I started this BABYMETAL journey with 'Monochrome' on The First Take. I'm just a whatever's-on-the-radio's-fine-with-me mainstream guy, so I have no alignment to any musical preferences at all. While I did listen to Linkin Park (which is sort of metal) for a while back in the day, I was no fan of the genre as a whole. But when I stumbled on BABYMETAL performing on piano, I was intrigued. What would a metal song sound like without the metal? The performance SU and MOA presented was beautifully melodic, passionately, and sincerely delivered with love and tenderness -- so uncharacteristic of my stereotypical conception of metal that I got drawn in right away. If this is what metal can be, I want more!

Immediately, I searched for and found the official lyric video.
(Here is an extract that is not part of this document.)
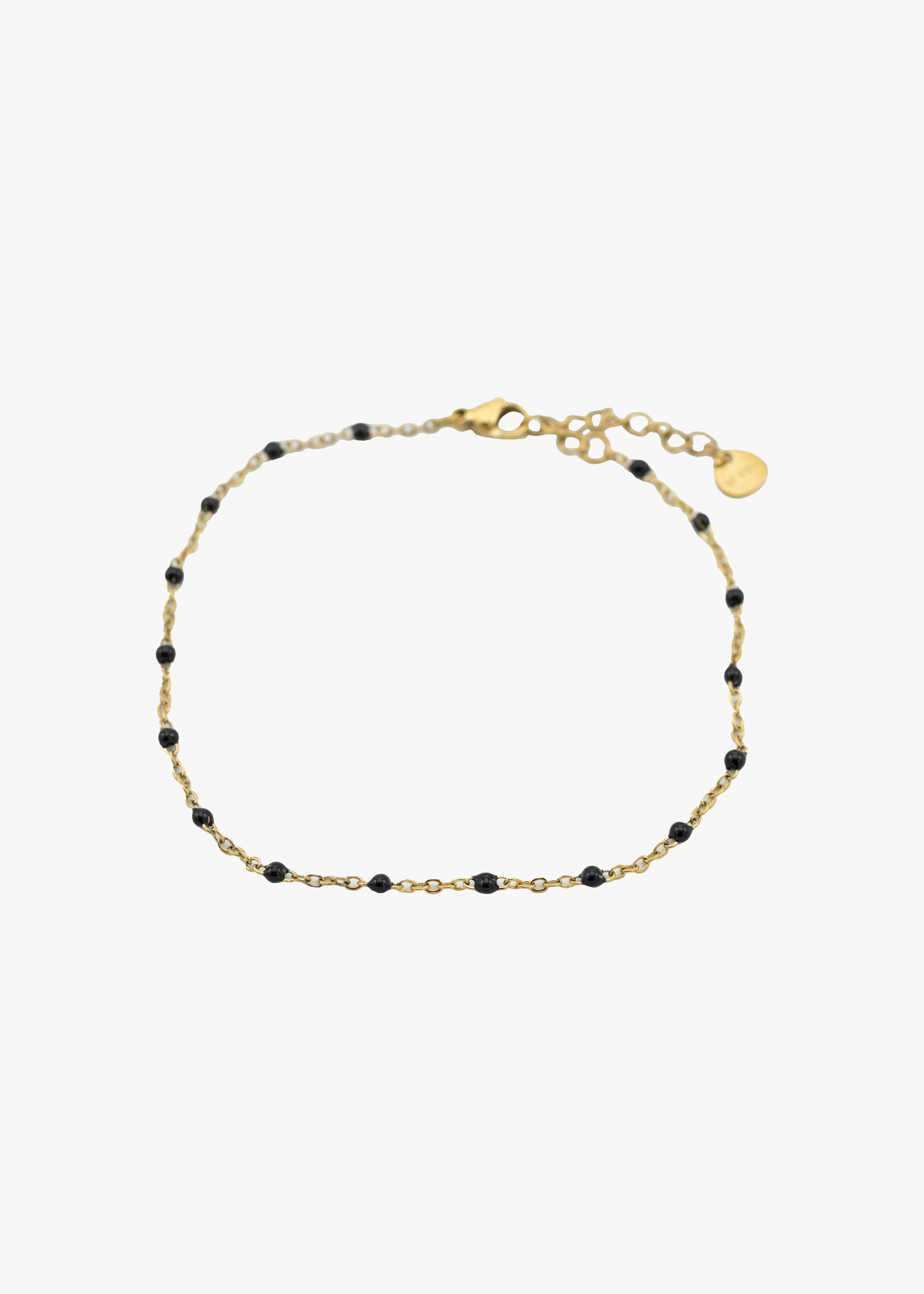 De combinatie van de goudkleurige ketting en de subtiele zwarte bedeltjes geeft deze enkelband een elegante en toch speelse uitstraling. Draag hem naar het strand, tijdens een avondje uit of gewoon als stijlvolle touch bij je dagelijkse outfit.

Certainly, the instrumentation was heavy, as I'd expected, but the guitar produced yet another beautiful melody of its own, leading in to SU's main vocals and MOA's supporting vocals that hit like hammer on anvil, respectively, with the drummer putting out rhythms at a speed I'd never heard before. I didn't see any choreography since it was a lyric video, but when I discovered more of their music, the dance was yet another layer on a package that was both thoughtfully composed, and movingly heartfelt. And I'm a sucker for theatrical performances with high production values. And poetic lyrics that make you think. This band ticks all the right boxes for me, so I'll be stuck in this foxhole for quite a while yet.
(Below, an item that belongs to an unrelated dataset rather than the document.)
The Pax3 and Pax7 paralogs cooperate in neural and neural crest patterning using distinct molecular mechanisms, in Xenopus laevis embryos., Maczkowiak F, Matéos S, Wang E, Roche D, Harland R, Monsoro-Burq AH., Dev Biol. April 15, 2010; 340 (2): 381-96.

Anyway, the featured video (above) is not the official lyric one, but a fan edit that was clearly painstakingly put together to integrate the official video with the band's 'live' performance, as I would have experienced in KL, although the size of the audience would have been a tiny fraction of what we see here. The girls here are dressed in their pre-world tour 2023 outfits, but if you go back to look at their current concert attire (which I saw them wear for the first time on The First Take singing 'The One -- Unfinished ver.'), they're still wearing all-black, but with plastic chromatic frills that reflect light in a spectrum of multi-colours. It's a clever way to brighten up an otherwise drab monochrome dress with a costume feature that creates dynamic rainbow colours with every movement. I believe this song is the very inspiration behind this unique design choice.

'Monochrome' appears on the KL tour setlist right in the middle of the repertoire, making it the feature song of the concert. For the special connection I have with this song, oddly enough in its non-metal form, it's definitely this fanboy's favourite.